20030228_easy_ham.tar.bz2 20050311_spam_2.tar.bz2
setwd("~/Desktop/IS607/Data-607/Week 10 Assignment")
require(RCurl)
## Loading required package: RCurl
## Loading required package: bitops
require(XML)
## Loading required package: XML
require(stringr)
## Loading required package: stringr
require(tm)
## Loading required package: tm
## Loading required package: NLP
require(SnowballC)
## Loading required package: SnowballC
require(RTextTools)
## Loading required package: RTextTools
## Loading required package: SparseM
##
## Attaching package: 'SparseM'
## The following object is masked from 'package:base':
##
## backsolve
##
## Attaching package: 'RTextTools'
## The following objects are masked from 'package:SnowballC':
##
## getStemLanguages, wordStem
length(list.files("easy_ham")) #2501 HAM files
## [1] 2501
length(list.files("spam_2")) #1397 SPAM files
## [1] 1397
list.files("easy_ham")[1:5]
## [1] "00001.7c53336b37003a9286aba55d2945844c"

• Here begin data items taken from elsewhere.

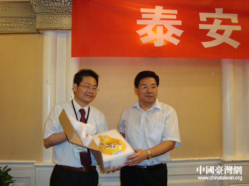 雙方互贈(zèng)禮品。(圖片來源:泰安市臺(tái)辦)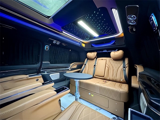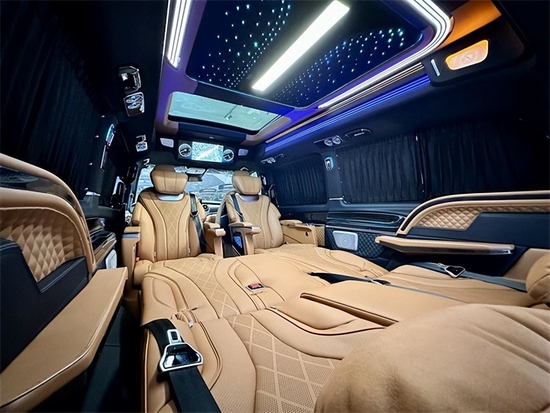 奔驰V260L改装高顶无隔断七座的操控表现也很好,三辐方向盘的造型和手感完全不会让您认为自己驾驶的是一款商务MPV,奔驰V260L方向盘的转向力度设定的较为均匀且很轻盈,长时间驾驶也不会让我觉得有疲劳感。不过,说实在的我认为在一款MPV上聊操控实在有些多余,与其感受操控倒不如让我感受一下后排。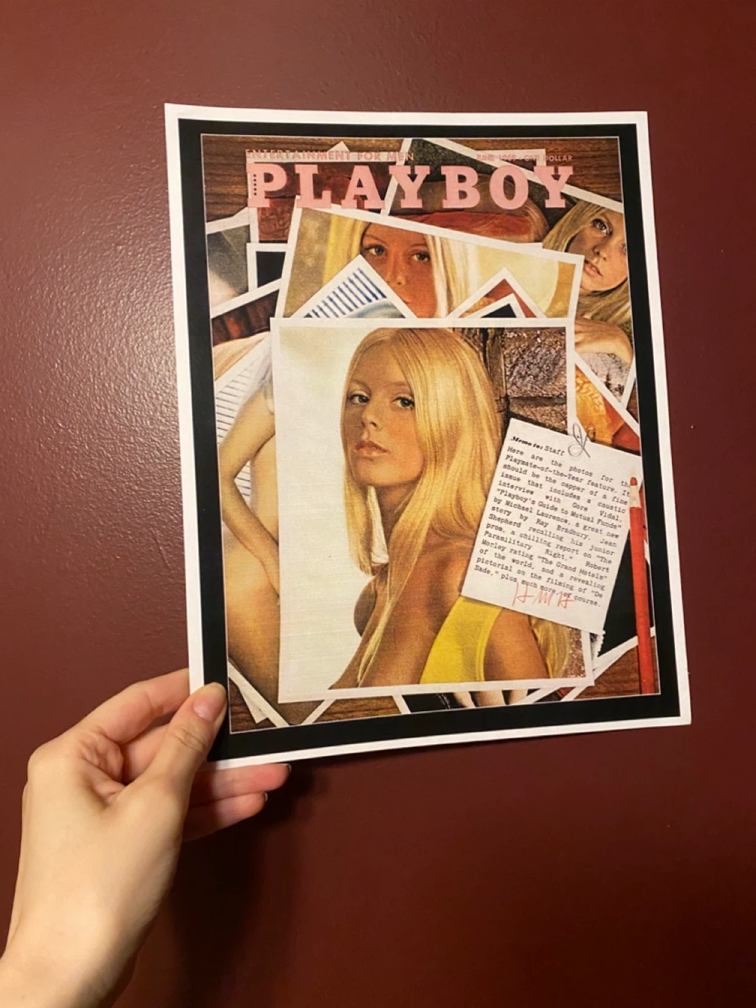 A framed art print featuring a collage of images from a Playboy magazine cover. The print showcases vintage photography and text. This unique piece would be a conversation starter for any collector.

## [2] "00002.9c4069e25e1ef370c078db7ee85ff9ac"
## [3] "00003.860e3c3cee1b42ead714c5c874fe25f7"
## [4] "00004.864220c5b6930b209cc287c361c99af1"
## [5] "00005.bf27cdeaf0b8c4647ecd61b1d09da613"
list.files("spam_2")[1:5]
## [1] "00001.317e78fa8ee2f54cd4890fdc09ba8176"

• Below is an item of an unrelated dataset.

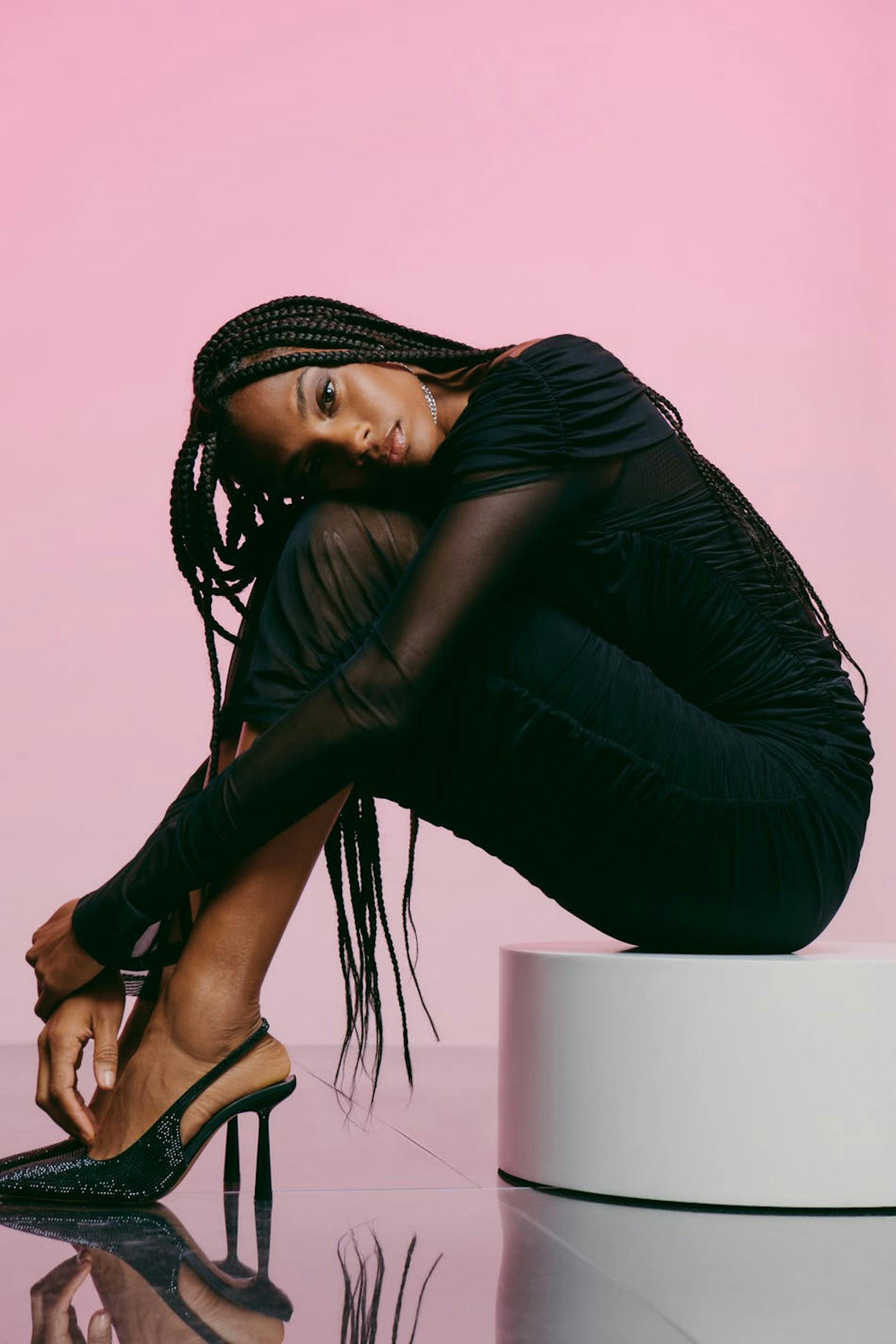 Mallin pituus on 176 cm ja hänellä on päällä koko S

## [2] "00002.9438920e9a55591b18e60d1ed37d992b"
## [3] "00003.590eff932f8704d8b0fcbe69d023b54d"
## [4] "00004.bdcc075fa4beb5157b5dd6cd41d8887b"
## [5] "00005.ed0aba4d386c5e62bc737cf3f0ed9589"
Before we can complete supervised learning with the data we must create a document term matrix that contains records from the HAM and SPAM datasets.
#Create a list of all files in each directory
spam_list <- list.files("spam_2", full.names = TRUE)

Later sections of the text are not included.